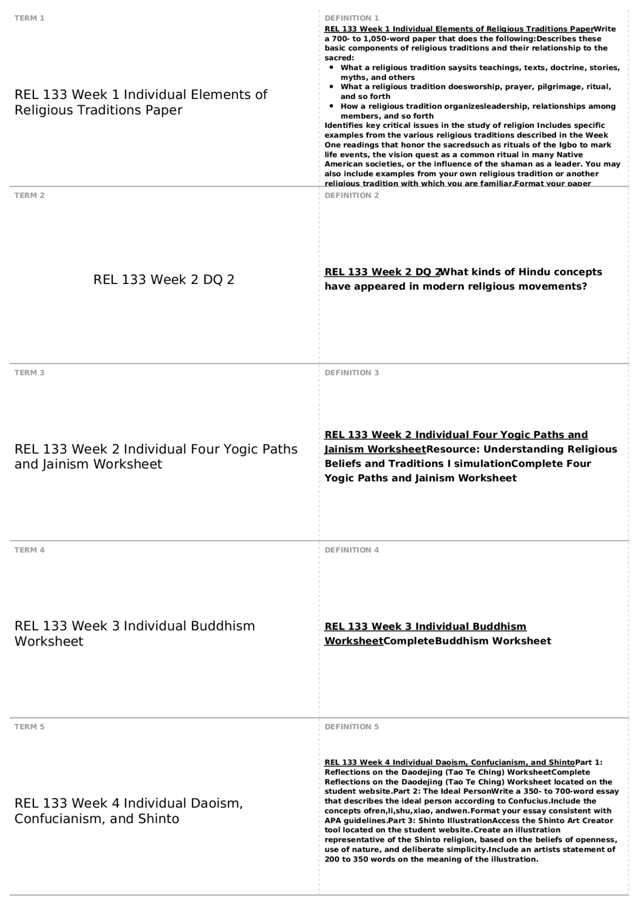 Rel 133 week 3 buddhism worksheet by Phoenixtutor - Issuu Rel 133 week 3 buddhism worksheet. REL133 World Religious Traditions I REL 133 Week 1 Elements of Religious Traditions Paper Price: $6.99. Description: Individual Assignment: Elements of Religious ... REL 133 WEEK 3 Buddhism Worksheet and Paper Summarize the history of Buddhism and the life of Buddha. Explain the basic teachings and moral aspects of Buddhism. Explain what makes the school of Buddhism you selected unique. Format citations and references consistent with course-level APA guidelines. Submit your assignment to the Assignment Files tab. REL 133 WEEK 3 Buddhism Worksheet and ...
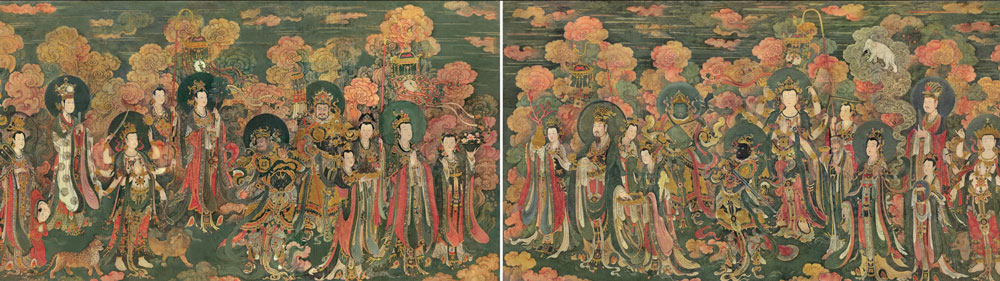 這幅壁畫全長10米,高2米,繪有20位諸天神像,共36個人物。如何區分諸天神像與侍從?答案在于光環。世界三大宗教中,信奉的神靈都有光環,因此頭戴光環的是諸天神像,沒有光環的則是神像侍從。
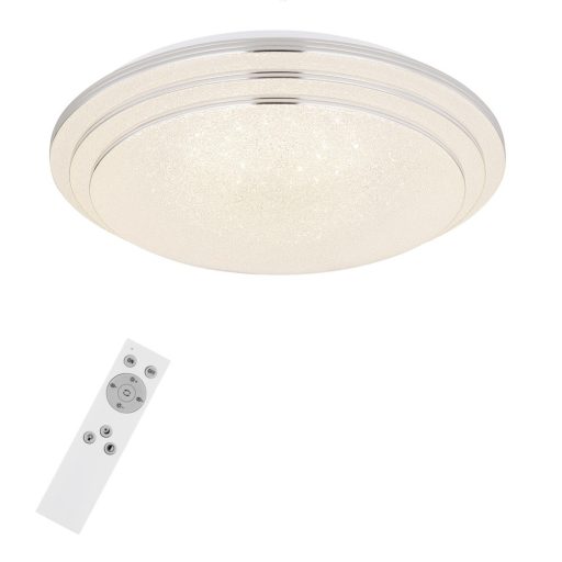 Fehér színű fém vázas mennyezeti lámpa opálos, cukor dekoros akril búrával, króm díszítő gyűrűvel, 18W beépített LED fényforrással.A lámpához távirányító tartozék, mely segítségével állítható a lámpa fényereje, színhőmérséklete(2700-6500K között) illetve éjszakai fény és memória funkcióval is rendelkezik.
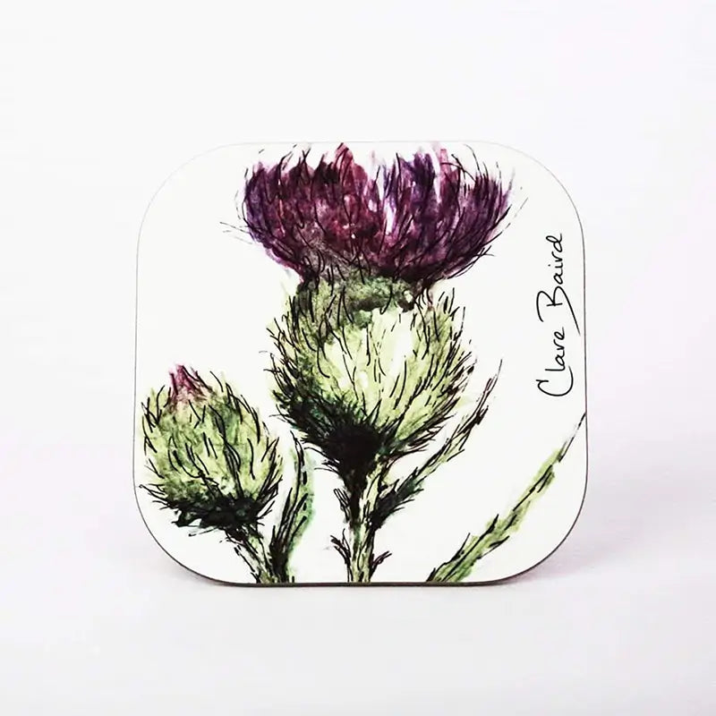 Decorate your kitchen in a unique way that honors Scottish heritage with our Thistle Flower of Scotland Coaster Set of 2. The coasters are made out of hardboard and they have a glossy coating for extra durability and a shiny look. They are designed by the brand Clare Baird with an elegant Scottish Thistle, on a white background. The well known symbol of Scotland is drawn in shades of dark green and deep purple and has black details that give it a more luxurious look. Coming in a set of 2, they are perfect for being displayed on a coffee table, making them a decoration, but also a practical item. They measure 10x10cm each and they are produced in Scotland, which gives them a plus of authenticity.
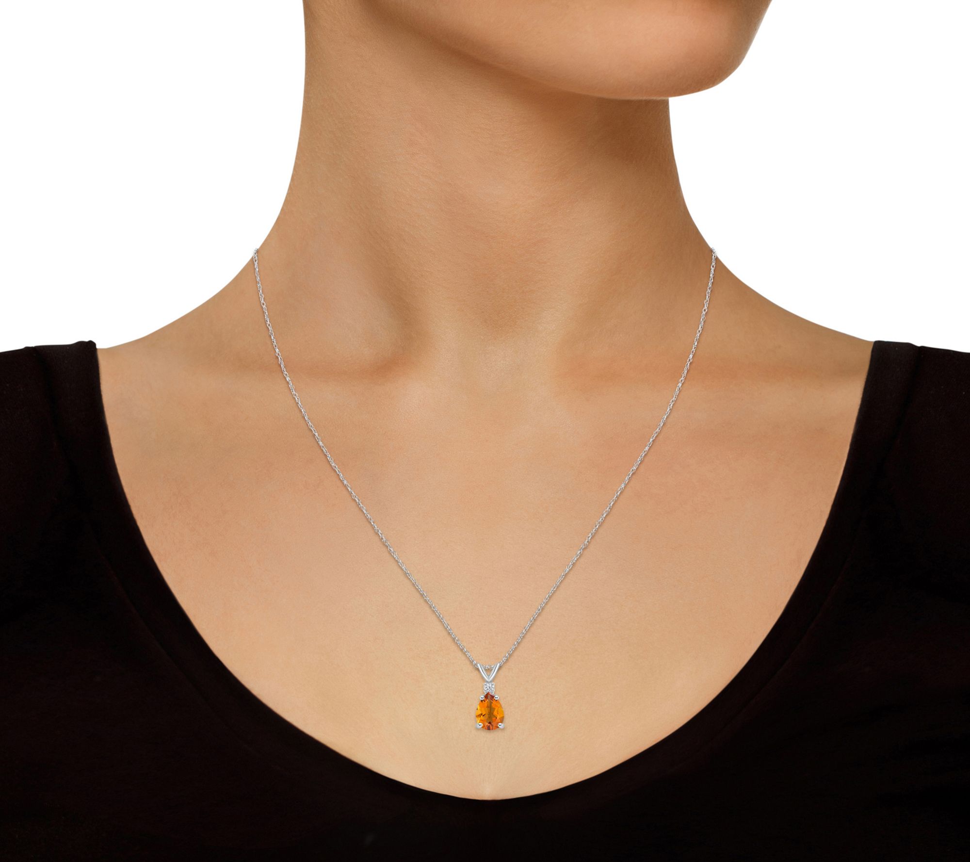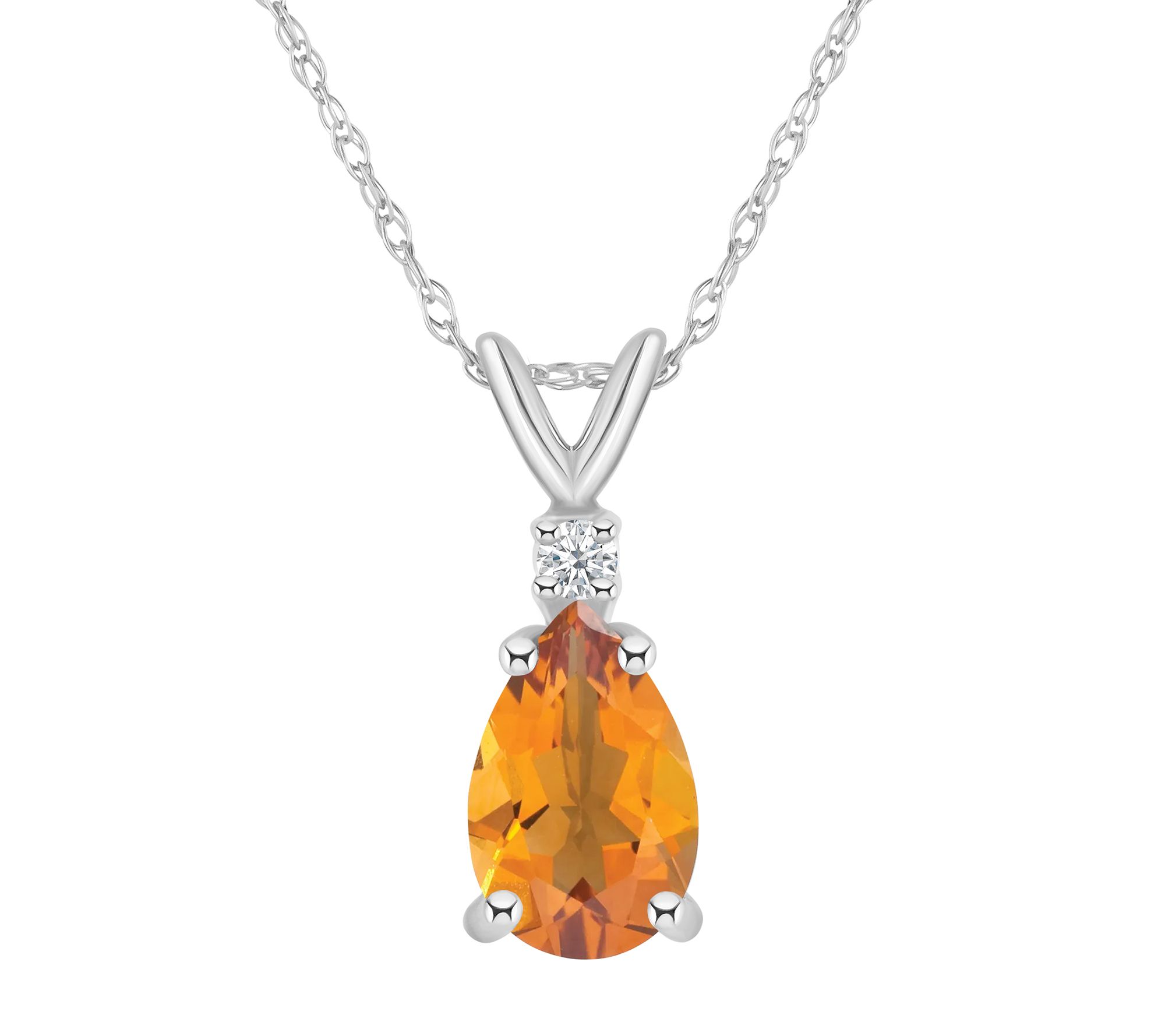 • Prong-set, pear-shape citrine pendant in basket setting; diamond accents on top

---

• [YOUR ASSIGNMENT]:
Your copy of the data above should match it exactly, apart from the images.

• [FINISHED EXERCISE]:
 Rel 133 week 3 buddhism worksheet by Phoenixtutor - Issuu Rel 133 week 3 buddhism worksheet. REL133 World Religious Traditions I REL 133 Week 1 Elements of Religious Traditions Paper Price: $6.99. Description: Individual Assignment: Elements of Religious ... REL 133 WEEK 3 Buddhism Worksheet and Paper Summarize the history of Buddhism and the life of Buddha. Explain the basic teachings and moral aspects of Buddhism. Explain what makes the school of Buddhism you selected unique. Format citations and references consistent with course-level APA guidelines. Submit your assignment to the Assignment Files tab. REL 133 WEEK 3 Buddhism Worksheet and ...
 這幅壁畫全長10米,高2米,繪有20位諸天神像,共36個人物。如何區分諸天神像與侍從?答案在于光環。世界三大宗教中,信奉的神靈都有光環,因此頭戴光環的是諸天神像,沒有光環的則是神像侍從。
 Fehér színű fém vázas mennyezeti lámpa opálos, cukor dekoros akril búrával, króm díszítő gyűrűvel, 18W beépített LED fényforrással.A lámpához távirányító tartozék, mely segítségével állítható a lámpa fényereje, színhőmérséklete(2700-6500K között) illetve éjszakai fény és memória funkcióval is rendelkezik.
 Decorate your kitchen in a unique way that honors Scottish heritage with our Thistle Flower of Scotland Coaster Set of 2. The coasters are made out of hardboard and they have a glossy coating for extra durability and a shiny look. They are designed by the brand Clare Baird with an elegant Scottish Thistle, on a white background. The well known symbol of Scotland is drawn in shades of dark green and deep purple and has black details that give it a more luxurious look. Coming in a set of 2, they are perfect for being displayed on a coffee table, making them a decoration, but also a practical item. They measure 10x10cm each and they are produced in Scotland, which gives them a plus of authenticity.
 • Prong-set, pear-shape citrine pendant in basket setting; diamond accents on top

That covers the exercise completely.